SOURCE MATERIAL: Begin

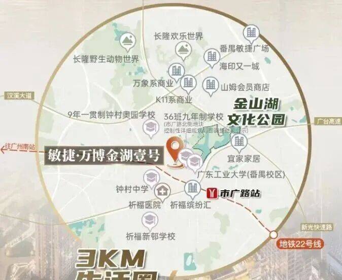 轨道交通:地铁 22 号线,市广路站距项目约 900 米,步行 10分钟可达,通过该线路可实现 “1 站番禺广场、2 站万博中心、3 站琶洲 CBD、4 站珠江新城” 的通勤效率;
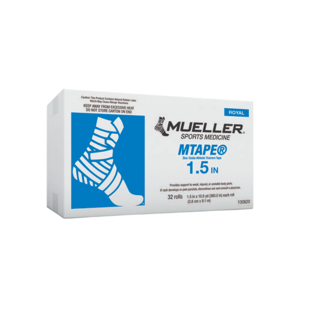 Mueller M-Tape Royal 1.5" (Caja de 32). Este tape resistente y duradero de 1.5" X 10 Yd es perfecto para envolver y apoyar tus músculos durante la actividad física. Se vende caja de 32 rollos de 1.5''. Precio por caja ya refleja descuento institucional.
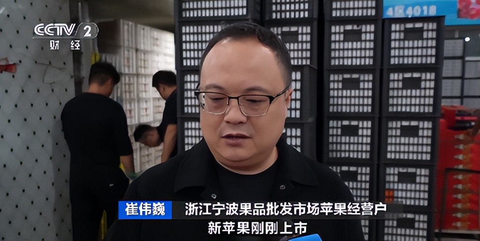 浙江宁波果品批发市场苹果经营户 崔伟巍:新苹果刚刚上市,价格大概卖4(元)左右(一斤),旺季一天大概能卖两三万斤。
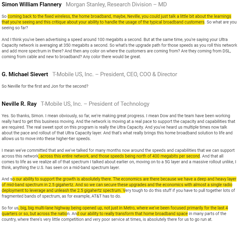 On top of fiber, TMUS is making big proclamations about their fixed wireless offering. Any threat to cable there?
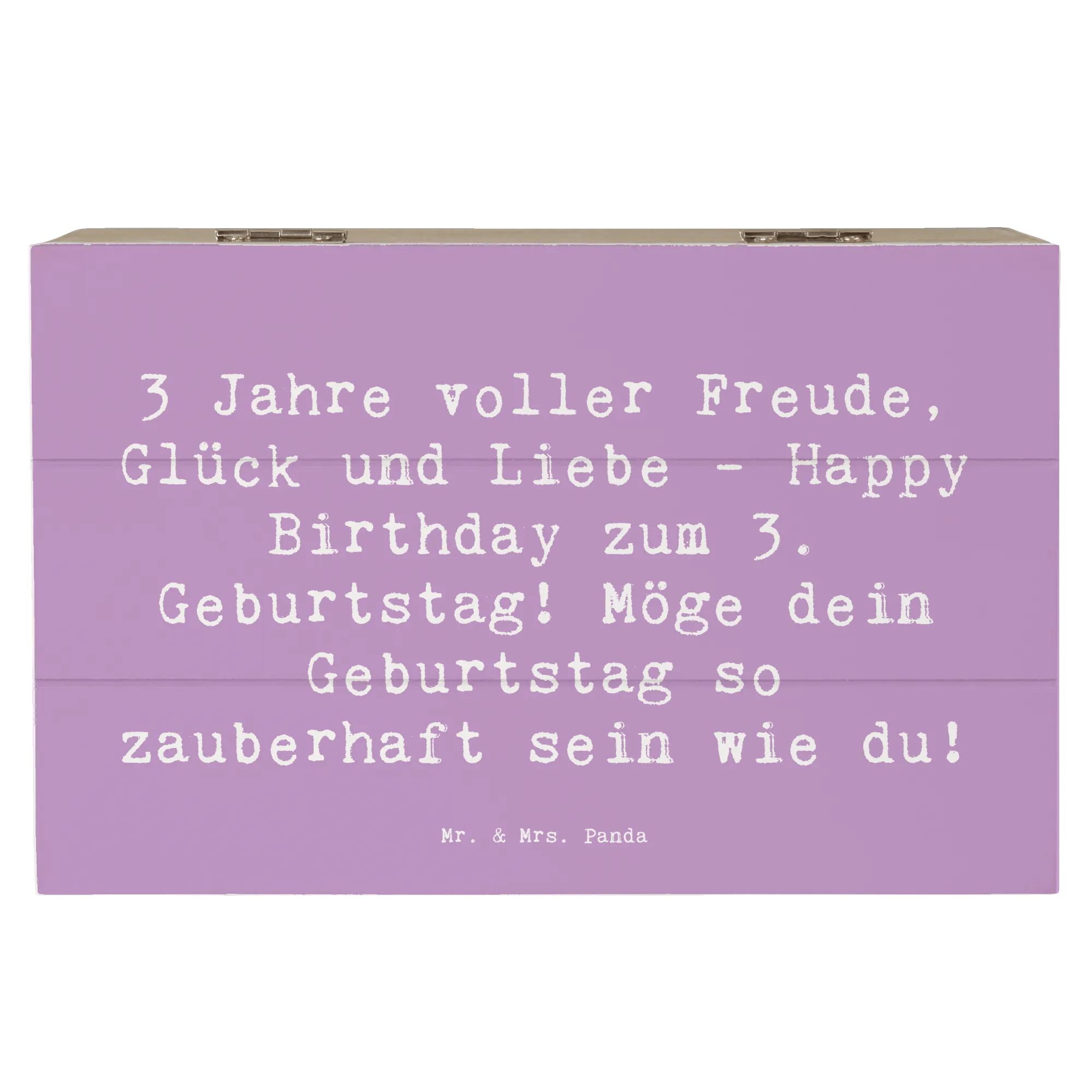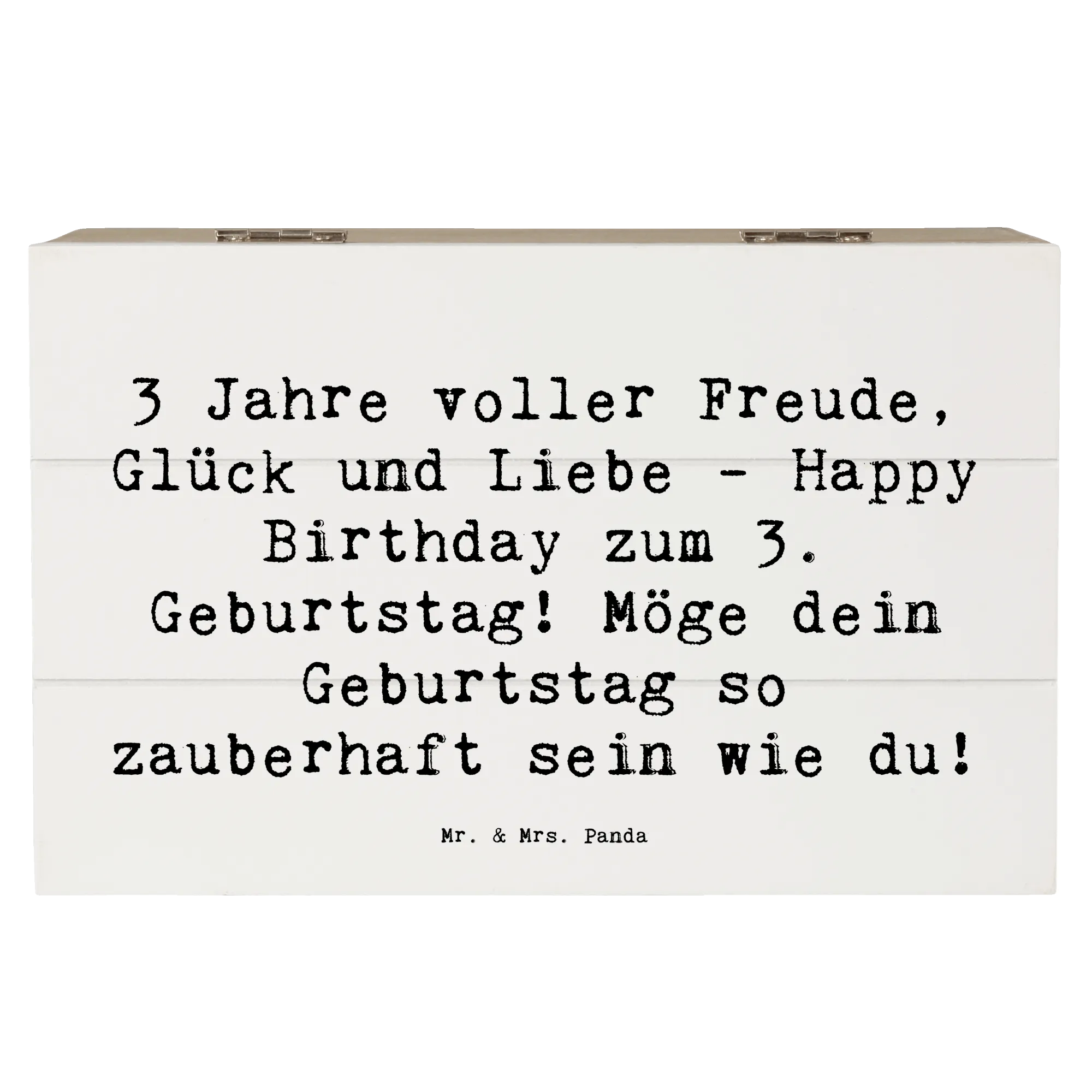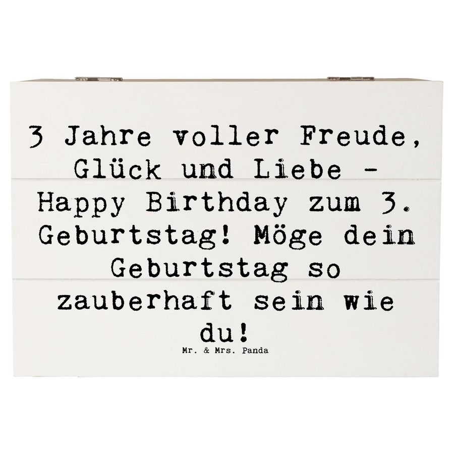 Die Holzkiste "3. Geburtstag" von Mr. & Mrs. Panda ist das perfekte Geschenk für den besonderen Tag eines kleinen Lieblings. Mit ihrem liebevollen Motiv und dem herzlichen Slogan "3 Jahre voller Freude, Glück und Liebe - Happy Birthday zum 3. Geburtstag! Möge dein Geburtstag so zauberhaft sein wie du!" strahlt diese wunderschöne Holzkiste pure Freude aus.
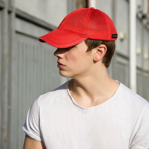 Fused foam backing for a padded effect Contrasting colour sandwich peak Result rubber badge sewn to rear Fabric size adjuster with polished metal buckle
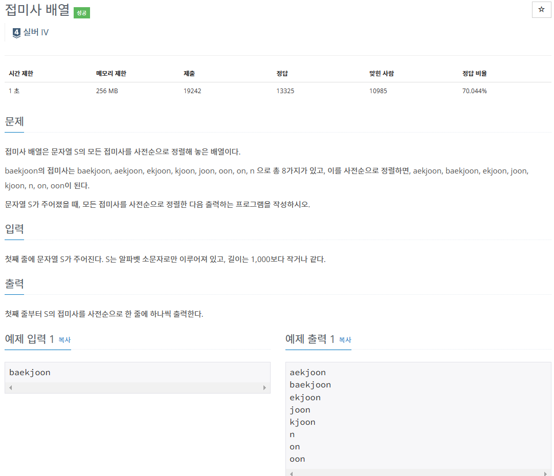 한 단어를 여러개로 쪼개고 사전순으로 정렬
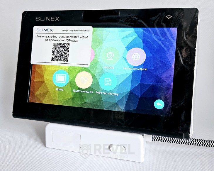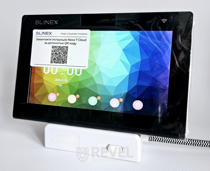 Nexo 7 Cloud виконаний у сучасному мінімалістичному корпусі, який гармонійно вписується у будь-який інтер'єр. Сенсорний IPS-дисплей забезпечує легке та інтуїтивне керування, а інтерфейс відображає всю необхідну інформацію: дзвінки, сповіщення про рух, поточну погоду та стан підключених пристроїв.
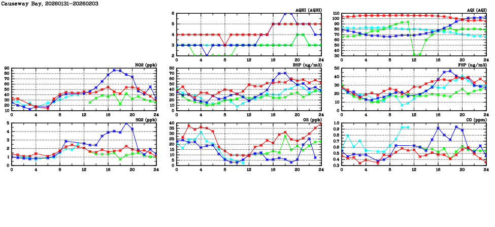 | Air Quality Data Time Series in Causeway Bay (2026/02/03) | ( Line colors: Day -3 Day -2 Day -1 Current day ) | 2D Map Current AQHI |
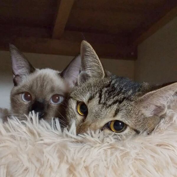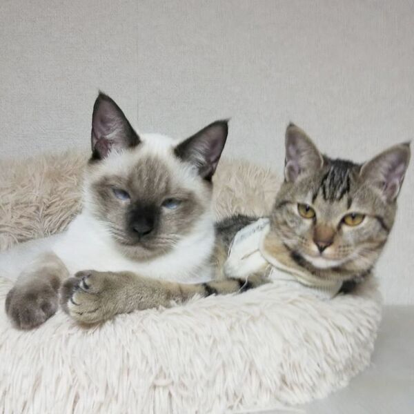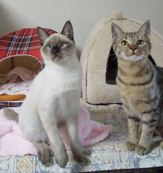 | 特徴(性格など) | ノミダニ駆除済み 検便駆虫済み ワクチン2回済み 血液検査済み(エイズ・白血病ともに陰性) 避妊去勢手術済み シャム系の蓮くんとキジトラの愛ちゃんの兄妹です。 とてもやんちゃで遊び盛りなので2匹でじゃれている姿を見ているだけでニヤニヤしてしまいます。 2匹ともとても甘えん坊さんでお膝やお腹の上に乗ってきます。構ってほしい時は愛ちゃんは後を追いかけてきてスリスリ、蓮くんは手や足をカプカプ甘噛みしてアピールします。 甘え声も可愛くて蓮くんは「ふにぁ~」、愛ちゃんは「ぴー」と鳴くので抱きしめたくなっちゃいますよ。 知らない人は最初は隠れるかもしれませんが、慣れるので大丈夫です。 ご家庭のアイドルとして迎えて頂けると嬉しいです。 2匹一緒だと嬉しいですが、1匹でも大丈夫です。 ネットが苦手な保護主に代わり代理で募集しております。(連絡先は下記記載) お問い合わせは下記の連絡先に「蓮くん愛ちゃんの件」とお問合せ下さいませ。 |
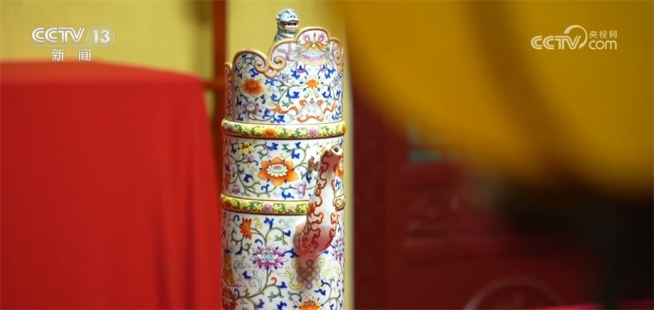 總臺記者 楊雪:沈陽故宮當(dāng)中的很多珍貴院藏文物都見證了多民族文化融合的過程,像我們眼前看到的這款清乾隆款粉彩多穆壺就是其中之一。多穆在藏語當(dāng)中是奶茶桶的意思,直到現(xiàn)在,像銅制、木制、皮質(zhì)的很多多穆壺仍然被蒙、藏等少數(shù)民族沿襲使用著。大家可以看到,這款多穆壺的蓋子上蹲坐著一只非常靈動的小獅子,有祈福和護佑主人的意思。這件多穆壺是國家一級文物,距今已經(jīng)有200多年的歷史了。

SOURCE MATERIAL: End

(ASSIGNMENT) Above are the records; repeat them all exactly, without the pictures.

(SOLUTION BELOW)
 轨道交通:地铁 22 号线,市广路站距项目约 900 米,步行 10分钟可达,通过该线路可实现 “1 站番禺广场、2 站万博中心、3 站琶洲 CBD、4 站珠江新城” 的通勤效率;
 Mueller M-Tape Royal 1.5" (Caja de 32). Este tape resistente y duradero de 1.5" X 10 Yd es perfecto para envolver y apoyar tus músculos durante la actividad física. Se vende caja de 32 rollos de 1.5''. Precio por caja ya refleja descuento institucional.
 浙江宁波果品批发市场苹果经营户 崔伟巍:新苹果刚刚上市,价格大概卖4(元)左右(一斤),旺季一天大概能卖两三万斤。
 On top of fiber, TMUS is making big proclamations about their fixed wireless offering. Any threat to cable there?
 Die Holzkiste "3. Geburtstag" von Mr. & Mrs. Panda ist das perfekte Geschenk für den besonderen Tag eines kleinen Lieblings. Mit ihrem liebevollen Motiv und dem herzlichen Slogan "3 Jahre voller Freude, Glück und Liebe - Happy Birthday zum 3. Geburtstag! Möge dein Geburtstag so zauberhaft sein wie du!" strahlt diese wunderschöne Holzkiste pure Freude aus.
 Fused foam backing for a padded effect Contrasting colour sandwich peak Result rubber badge sewn to rear Fabric size adjuster with polished metal buckle
 한 단어를 여러개로 쪼개고 사전순으로 정렬
 Nexo 7 Cloud виконаний у сучасному мінімалістичному корпусі, який гармонійно вписується у будь-який інтер'єр. Сенсорний IPS-дисплей забезпечує легке та інтуїтивне керування, а інтерфейс відображає всю необхідну інформацію: дзвінки, сповіщення про рух, поточну погоду та стан підключених пристроїв.
 | Air Quality Data Time Series in Causeway Bay (2026/02/03) | ( Line colors: Day -3 Day -2 Day -1 Current day ) | 2D Map Current AQHI |
 | 特徴(性格など) | ノミダニ駆除済み 検便駆虫済み ワクチン2回済み 血液検査済み(エイズ・白血病ともに陰性) 避妊去勢手術済み シャム系の蓮くんとキジトラの愛ちゃんの兄妹です。 とてもやんちゃで遊び盛りなので2匹でじゃれている姿を見ているだけでニヤニヤしてしまいます。 2匹ともとても甘えん坊さんでお膝やお腹の上に乗ってきます。構ってほしい時は愛ちゃんは後を追いかけてきてスリスリ、蓮くんは手や足をカプカプ甘噛みしてアピールします。 甘え声も可愛くて蓮くんは「ふにぁ~」、愛ちゃんは「ぴー」と鳴くので抱きしめたくなっちゃいますよ。 知らない人は最初は隠れるかもしれませんが、慣れるので大丈夫です。 ご家庭のアイドルとして迎えて頂けると嬉しいです。 2匹一緒だと嬉しいですが、1匹でも大丈夫です。 ネットが苦手な保護主に代わり代理で募集しております。(連絡先は下記記載) お問い合わせは下記の連絡先に「蓮くん愛ちゃんの件」とお問合せ下さいませ。 |
 總臺記者 楊雪:沈陽故宮當(dāng)中的很多珍貴院藏文物都見證了多民族文化融合的過程,像我們眼前看到的這款清乾隆款粉彩多穆壺就是其中之一。多穆在藏語當(dāng)中是奶茶桶的意思,直到現(xiàn)在,像銅制、木制、皮質(zhì)的很多多穆壺仍然被蒙、藏等少數(shù)民族沿襲使用著。大家可以看到,這款多穆壺的蓋子上蹲坐著一只非常靈動的小獅子,有祈福和護佑主人的意思。這件多穆壺是國家一級文物,距今已經(jīng)有200多年的歷史了。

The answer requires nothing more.